Xvid MP4 AVI and SMI Files

Another type of MPEG4 video with an SMI subtitle file.

Before we dive head first into this file, it’s worth mentioning that due to the huge array of possibilities when trying to decipher an encoded piece of video, it may not be necessary to do everything, every time! You may be able to do what you want, quickly and easily. There may be other times though that something doesn’t look quite right and, in order to identify whats going on, you need to do a bit of research.
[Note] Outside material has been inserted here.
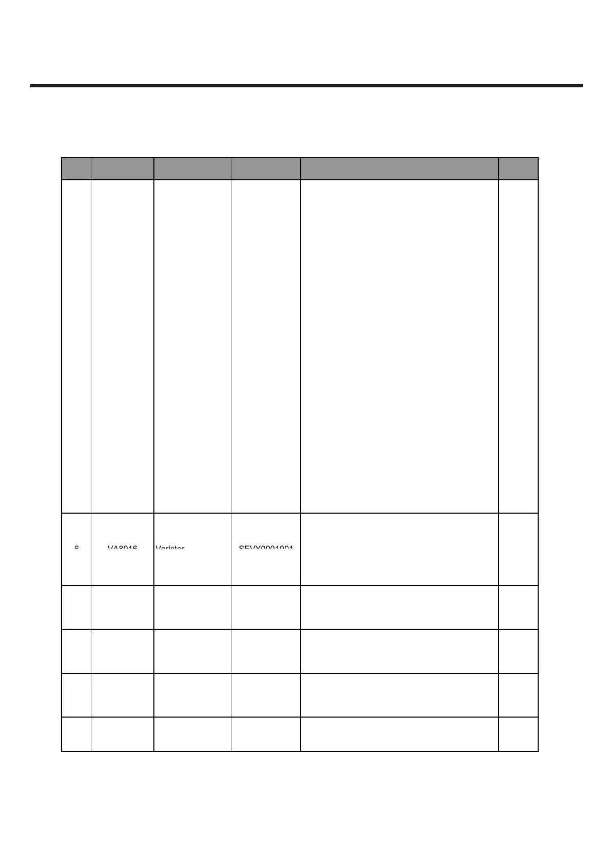 Level LocationNo. Description PartNumber Spec Remark

The disk contains two files. They both have the same name, but different extensions. One an .avi and the other a .smi. Dropping the .avi directly into SMplayer, results in the video playing with a subtitle overlay displaying the date / time information. The .smi is the subtitle timecode.

Xvid Mp4 file playing in SMplayer with associated subtitle

Xvid Mp4 file playing in SMplayer with associated subtitle

Although it will play, there appears to be some black video at the start. Upon further review inside Virtualdub, there are a series of blank frames at the beginning. If I have to deal with the video, do I have to deal with these as well? To figure out what is going on, we need to take a closer look.


We can now see that although the file extension and structure is the same as those files discussed here, the mpeg4 format is different.

To transcode the video and subtitle together, it is possible to use either ffmpeg or virtualdub.

For Virtualdub, you need either Subtitle Workshop or Subtitle Edit

I have started use Subtitle Edit more as it does not require installing. Once you have loaded your .smi subtitle into Subtitle Edit, simply save it in a .ssa format.

SubTitle Edit

SubTitle Edit

From reviewing the subtitle, we can see that each time display should last exactly 1 second.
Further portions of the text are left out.